利用OLAMI在unity游戏中加入中文语音控制（一）

(欢迎转载。本文源地址：http://blog.csdn.net/speeds3/article/details/76209152)

现在的游戏越来越精细，但操作却在向简化的方向发展。另一方面，人的手指头是有限的，太复杂的操作上手也会很困难，所以在游戏中引入语音控制会是一个不错的选择。本文中会尝试在unity加入中文语音控制的功能。

unity官方教程中的几个项目很精简，但看起来很不错，里面有全套的资源。最后我选择了tanks-tutorial来做这个实验。

下载和修改项目

首先按照教程下好项目，把坦克移动和射击的代码加上。这时就已经可以称的上是一个“游戏”了，可以控制坦克在地图上环游，也可以开炮。虽然缺少了挨揍的敌人，但是对设想的用语音控制坦克移动和射击已经足够了。这里我把地图扩大了一些，把坦克的速度降了一些，这样不至于几下就开到了地图的边缘。

修改速度

准备语义理解服务

接下来就可以开始加入语音功能了。OLAMI官网有c#的示例，示例中分别有cloud-speech-recognition和natural-language-understanding两个部分，前者字面意思似乎是语音识别，后者看起来是自然语义理解，里面又分为speech-input和text-input两部分，只是speech-input是空的。看看readme，原来已经包含在cloud-speech-recognition了。由于在这里不关心语音识别，所以就把他俩当作一样使用了，一个对应语音理解，是我们需要的部分，一个对应文字理解，可以用来测试，正好。

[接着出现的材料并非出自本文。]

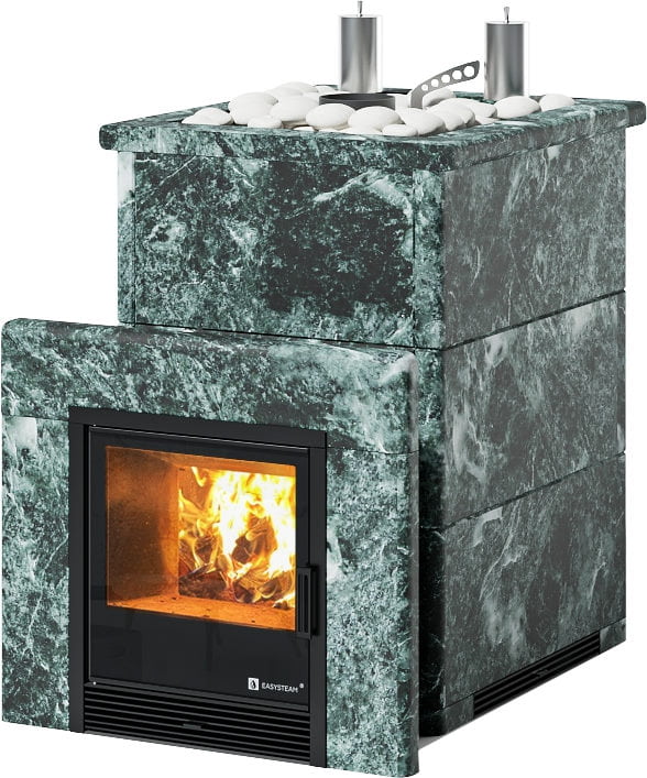 С терморегулирующей задвижкой, позволяющей максимально рационально использовать тепловую энергию и разогревать камни до температур 550-650 °C.
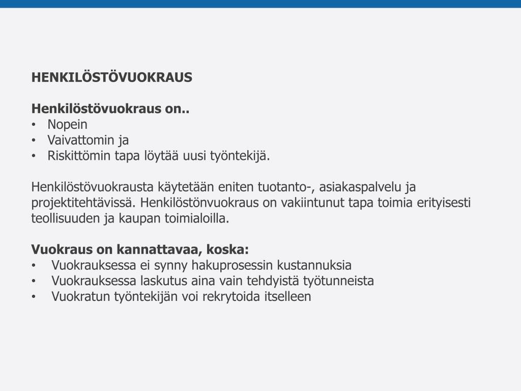 HENKILÖSTÖVUOKRAUS • Henkilöstövuokraus on.. • Nopein • Vaivattomin ja • Riskittömin tapa löytää uusi työntekijä. • Henkilöstövuokrausta käytetään eniten tuotanto-, asiakaspalvelu ja projektitehtävissä. Henkilöstönvuokraus on vakiintunut tapa toimia erityisesti teollisuuden ja kaupan toimialoilla. • Vuokraus on kannattavaa, koska: • Vuokrauksessa ei synny hakuprosessin kustannuksia • Vuokrauksessa laskutus aina vain tehdyistä työtunneista • Vuokratun työntekijän voi rekrytoida itselleen
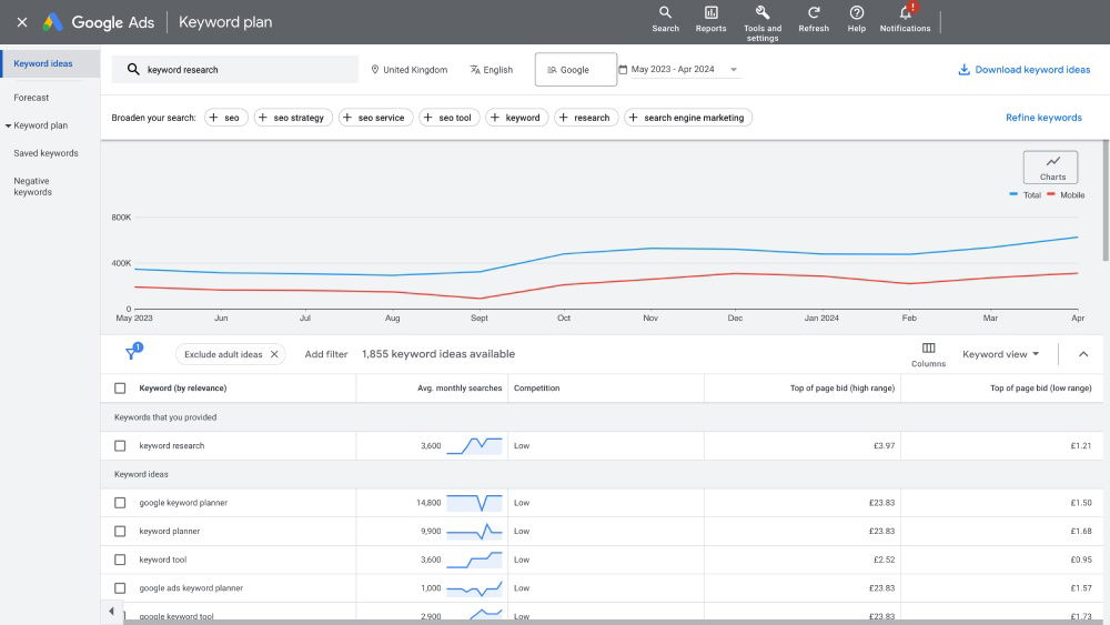 Google Keyword Planner is designed for advertisers but is also extensively used by our team at Bird for both SEO and PPC research. We prefer this tool over others primarily because it utilizes Google’s own data. While the free version provides a range of data, investing in a small Google Ads campaign, even just $5/£5, unlocks full data access for each keyword. This makes it a valuable investment for gaining precise insights that significantly enhance our campaign strategies.
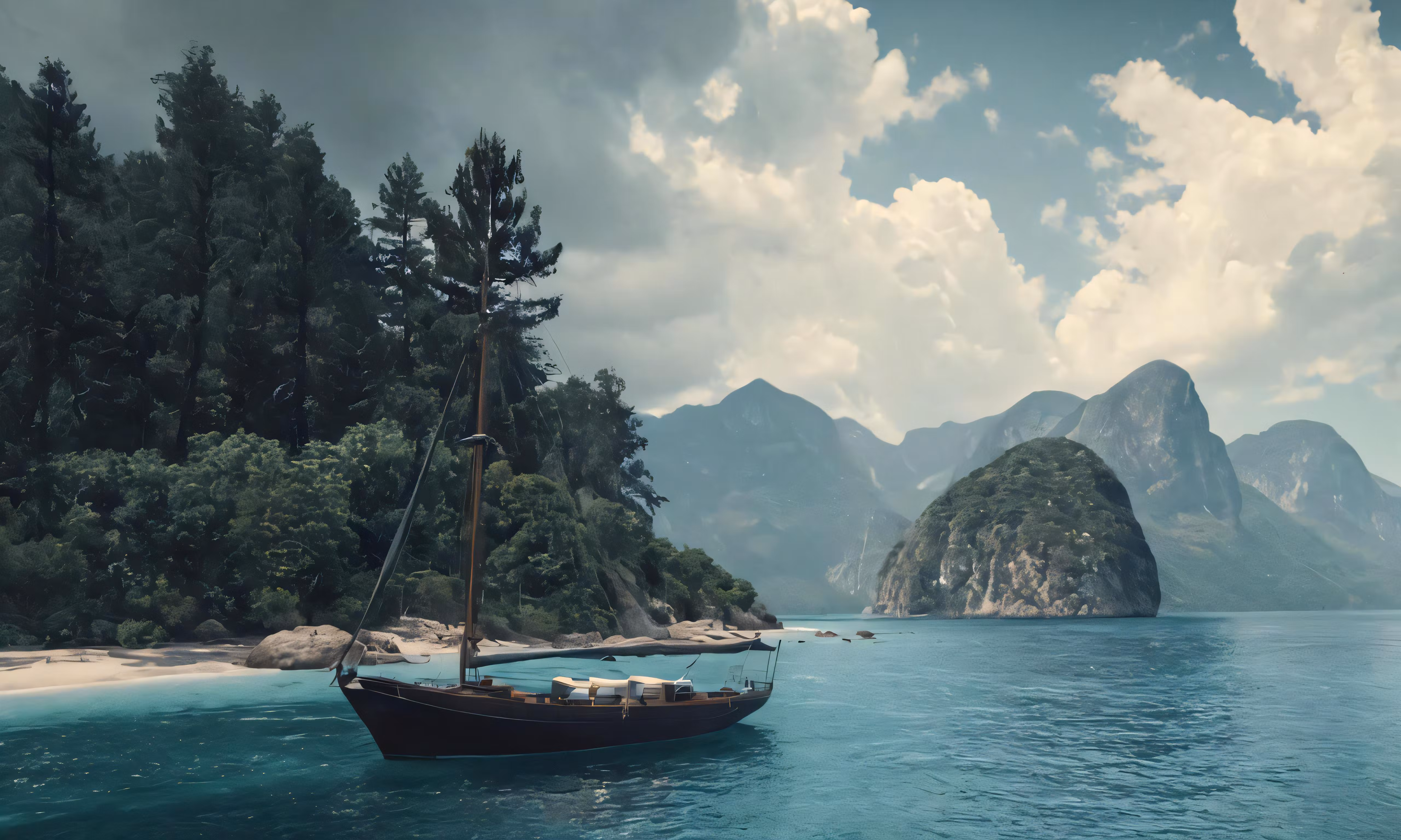 High resolution picture, free to use, a pirate ship sailing across a large body of water
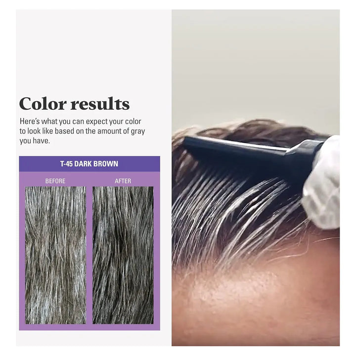 Touch Of Gray Ju actúa penetrando suavemente en cada hebra de cabello, depositando pigmentos que cubren las canas y devuelven el color uniforme. Su fórmula avanzada se adapta a tu tono natural, creando un resultado perfecto y sin parches.
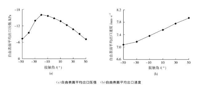 表面張力系數(shù)取50N/mm,接觸角取值為-50°~50°時(shí)得到的自由表面出口壓強(qiáng)與自由表面出口平均速度曲線如圖10所示。

把SpeechApiSample.cs和NluApiSample.cs拖入unity里，稍作修改就可以直接使用。

在移动和射击脚本中添加语音控制接口

因为打算实现的方案是语音和键盘混合输入，键盘输入能打断语音控制的输入，所以这里要保存一些状态，记录是否是通过语音在控制行动或转向，以及语音转向的角度和当前已经转过的角度。代码如下：

TankMovement.cs

  // 语音控制中已经转过的角度
  private float turnAmount = 0f;
  // 语音控制中希望转到的角度
  private float turnTarget = 0f;
  // 记录是否是语音控制移动的状态
  private bool voiceMove;
  // 记录是否是语音转向的状态
  private bool voiceTurn;

  private void Update () {
        // Store the value of both input axes.
        float movement = Input.GetAxis (m_MovementAxisName);
        if (movement != 0) {
            voiceMove = false;
            m_MovementInputValue = movement;
        } else if (!voiceMove) {
            m_MovementInputValue = 0f;
        }

        float turn = Input.GetAxis (m_TurnAxisName);
        if (turn != 0) {
            voiceTurn = false;
            m_TurnInputValue = turn;
        } else if (!voiceTurn) {
            m_TurnInputValue = 0f;
        }
        EngineAudio ();
    }

  private void Turn () {
        // Determine the number of degrees to be turned based on the input, speed and time between frames.
        float turn = m_TurnInputValue * m_TurnSpeed * Time.deltaTime;

        if (turnTarget != 0) {
            turnAmount += turn;
            if (turnTarget > 0) {
                if (turnAmount > turnTarget) {
                    m_TurnInputValue = 0f;
                    turnTarget = 0f;
                    turnAmount = 0f;
                    voiceTurn = false;
                }
            } else {
                if (turnAmount < turnTarget) {
                    m_TurnInputValue = 0f;
                    turnTarget = 0f;
                    turnAmount = 0f;
                    voiceTurn = false;
                }
            }
        }

        // Make this into a rotation in the y axis.
        Quaternion turnRotation = Quaternion.Euler (0f, turn, 0f);

        // Apply this rotation to the rigidbody's rotation.
        m_Rigidbody.MoveRotation (m_Rigidbody.rotation * turnRotation);
    }

    public void VoiceMove(float movement) {
        if (movement != 0) {
            voiceMove = true;
            m_MovementInputValue = movement;
        } else {
            voiceMove = false;
            m_MovementInputValue = 0f;
        }
    }

    public void VoiceTurn(float turn) {
        if (turn == 0) {
            voiceTurn = false;
            return;
        }
        turnTarget = turn;
        voiceTurn = true;
        if (turn > 0) {
            m_TurnInputValue = 1.0f;
        } else {
            m_TurnInputValue = -1.0f;
        }

    }

转向和移动稍有些不同，移动时只要模拟按键值一直是1就可以，转向就有一个转到多少度的问题。所以Turn的代码里加了一些处理。

TankShootin中就比较简单，直接添加方法：

public void VoiceFire() {
    m_CurrentLaunchForce = m_MaxLaunchForce / 2;
    Fire ();
}

考虑到语音输入本身需要时间，这里没有加入冷却的代码，而且蓄力直接定为满格的1/2。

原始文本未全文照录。